You make another copy with your proposed update, do your logic and update the copy, then you update the "real" structure using InterlockedCompareExchange. What InterlockedCompareExchange does is, atomically make sure the value is still the value you started with before your state update, and if it is still that value, atomically updates the value with the new state. Generally this is wrapped in an infinite loop that keeps trying until someone else hasn't changed the value in the middle. Here is roughly the pattern:
union State
{
struct
{
short a;
short b;
};
uint32_t volatile rawState;
} state;
void DoSomething()
{
// Keep looping until nobody else changed it behind our back
for (;;)
{
state origState;
state newState;
// It's important that you only read the state once per try
origState.rawState = state.rawState;
// This must copy origState, NOT read the state again
newState.rawState = origState.rawState;
// Now you can do something impossible to do atomically...
// This example takes a lot of cycles, there is huge
// opportunity for another thread to come in and change
// it during this update
if (newState.b == 3 || newState.b % 6 != 0)
{
newState.a++;
}
// Now we atomically update the state,
// this ONLY changes state.rawState if it's still == origState.rawState
// In either case, InterlockedCompareExchange returns what value it has now
if (InterlockedCompareExchange(&state.rawState, newState.rawState,
origState.rawState) == origState.rawState)
return;
}
}
(Please forgive if the above code doesn't actually compile - I wrote it off the top of my head)
Great. Now you can make lockless algorithms easy. WRONG! The trouble is that you are severely limited on the amount of data that you can update atomically.
Some lockless algorithms use a technique where they "help" concurrent threads. For example, say you have a linked list that you want to be able to update from multiple threads, other threads can "help" by performing updates to the "first" and "last" pointers if they are racing through and see that they are at the node pointed to by "last" but the "next" pointer in the node is not null. In this example, upon noticing that the "last" pointer is wrong, they update the last pointer, only if it still points to the current node, using an interlocked compare exchange.
Don't fall into a trap where you "spin" or loop (like a spinlock). While there is value in spinning briefly because you expect the "other" thread to finish something - they may not. The "other" thread may have been context switched and may not be running anymore. You are just eating CPU time, burning electricity (killing a laptop battery perhaps) by spinning until a condition is true. The moment you begin to spin, you might as well chuck your lockless code and write it with locks. Locks are better than unbounded spinning.

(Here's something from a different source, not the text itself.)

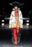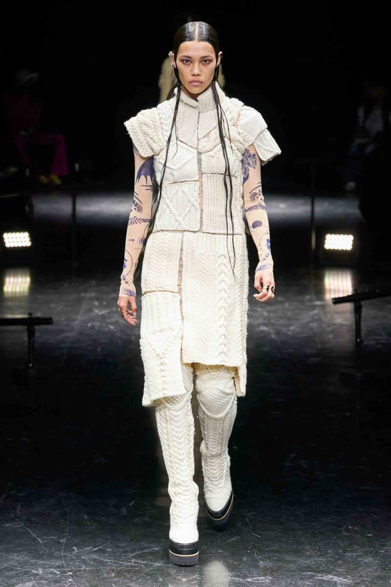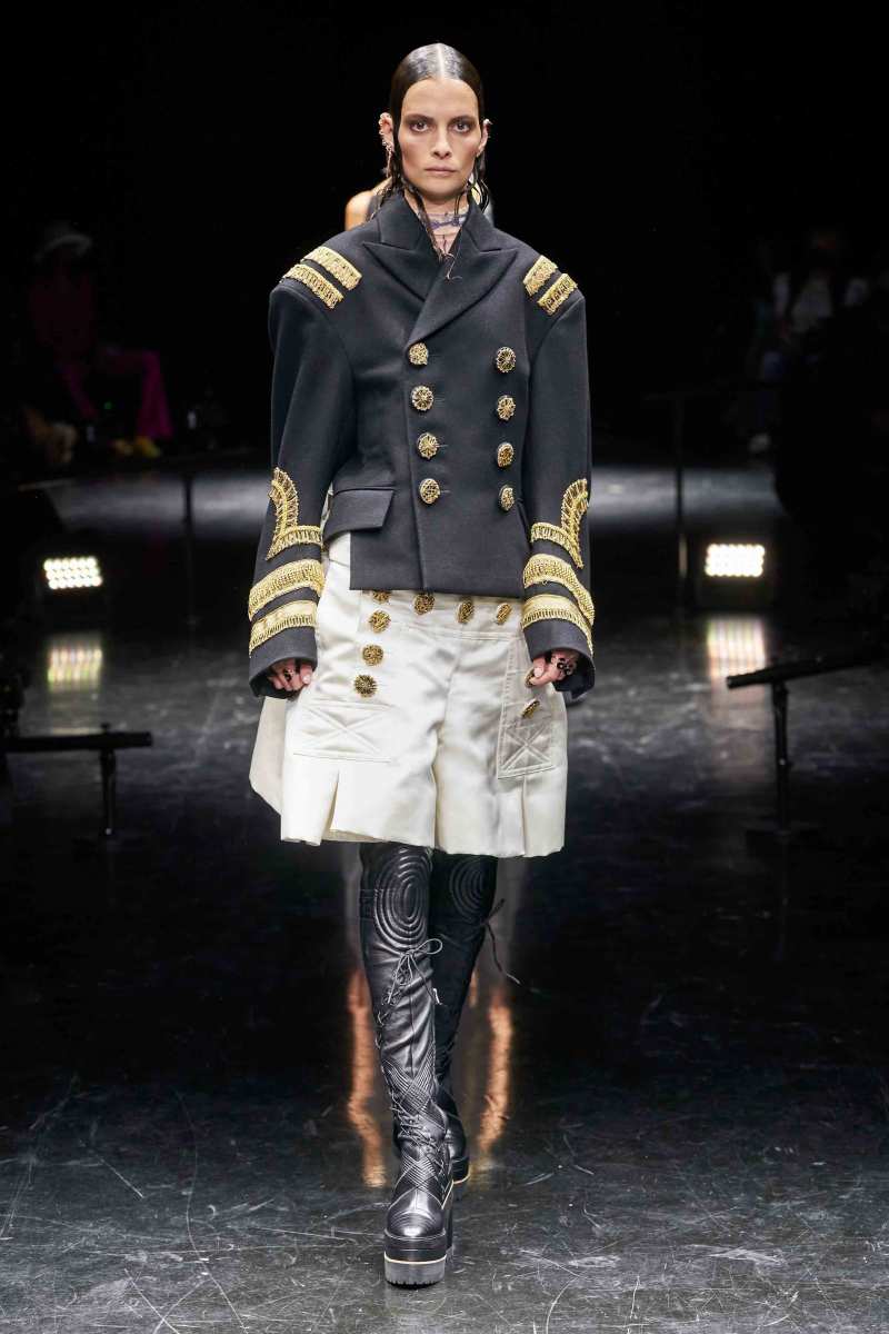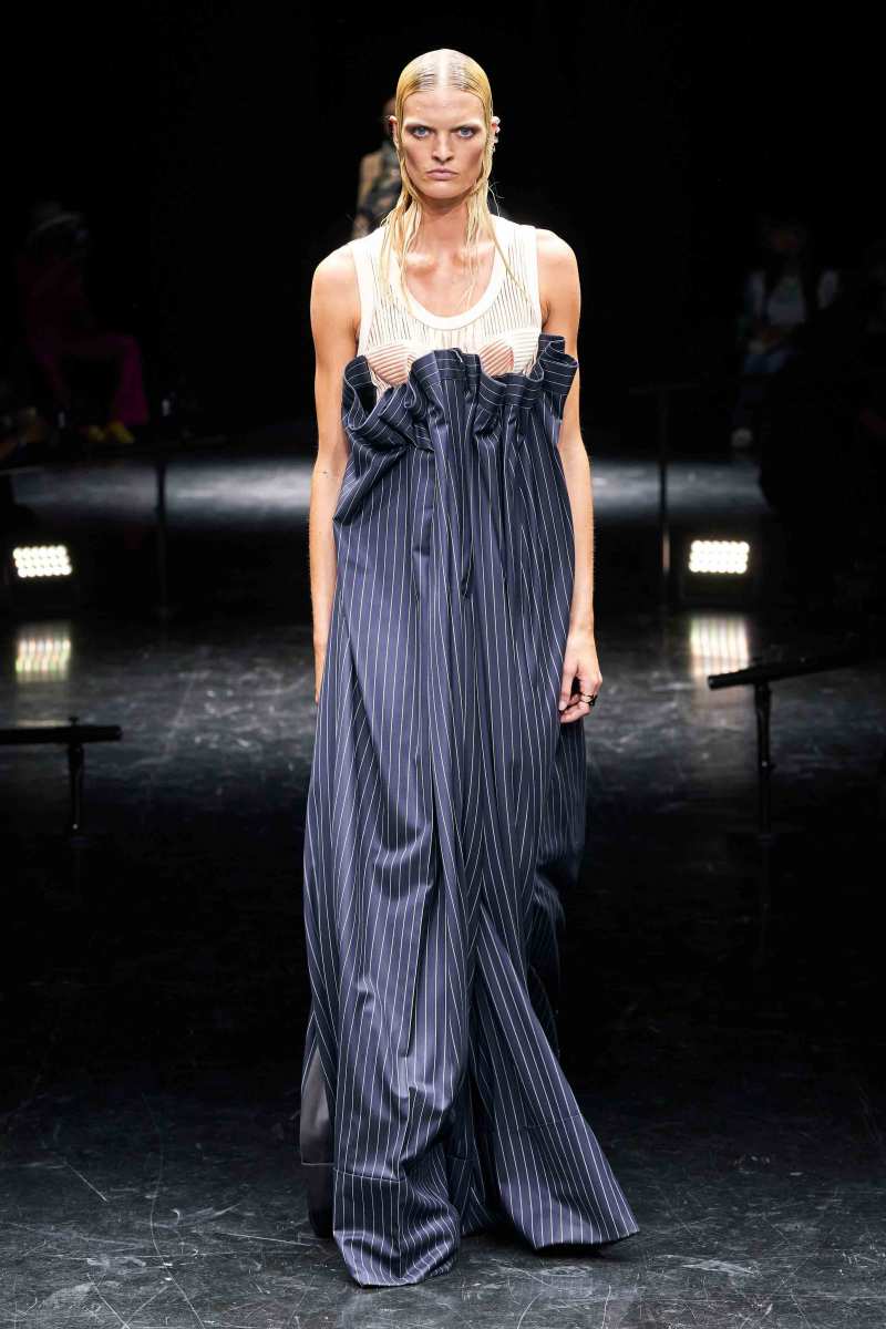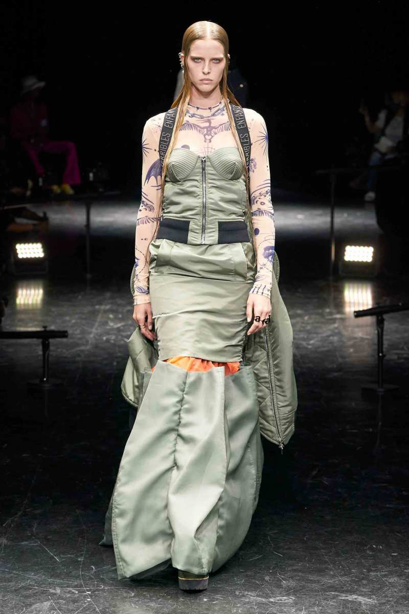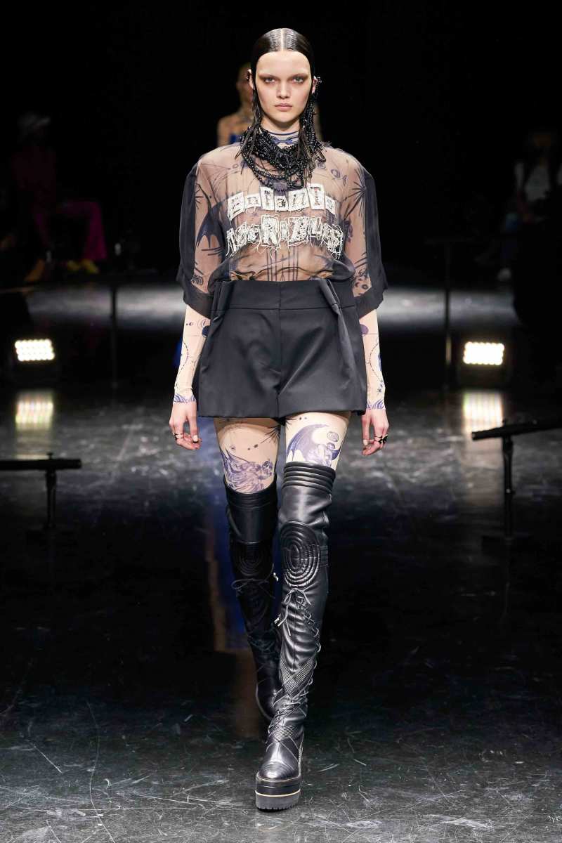 Alcuni abiti sono in maglia chiara e presentano un grande lavoro artigianale. Immancabili i classici della maison, come i bustier con coppe dei reggiseni a punta alla “marinière” e la giacca con bottoni dorati da ufficiale. Eleganti sono i capi in gessato blu e particolari quelli con stampe tattoo di Dr Woo come il vestito con tulle.

Just to go from hard to ridiculous, consider the mess you can get yourself into with other architectures - things are generally pretty forgiving on x86/x64, but when you get into other "weakly ordered" architectures, you get into territory where things happen that make no sense - memory updates won't happen in program order, so all your mental reasoning about what the other thread is doing goes out the window. (Even x86/x64 have a memory type called "write combining" which is often used when updating video memory but can be used for any memory buffer hardware, where you need fences) Those architectures require you to use "memory fence" operations to guarantee that all reads/writes/both before the fence will be globally visible (by other cores). A write fence guarantees that any writes before the fence will be globally visible before any writes after the fence. A read fence will guarantee that no reads after the fence will be speculatively executed before the fence. A read/write fence (aka full fence or memory fence) will make both guarantees. Fences are very expensive. (Some use the term "barrier" instead of "fence")
My suggestion is to implement it first with locks/condition variables. If you have any trouble with getting that working perfectly, it's hopeless to attempt doing a lockless implementation. And always measure, measure, measure. You'll probably find the performance of the implementation using locks is perfectly fine - without the incertainty of some flaky lockless implementation with a natsy hang bug that will only show up when you're doing a demo to an important customer. Perhaps you can fix the problem by redefining the original problem into something more easily solved, perhaps by restructuring the work so bigger items (or batches of items) are going into the collection, which reduces the pressure on the whole thing.
Writing lockless concurrent algorithms is very difficult (as you've seen written 1000x elsewhere I'm sure). It is often not worth the effort either.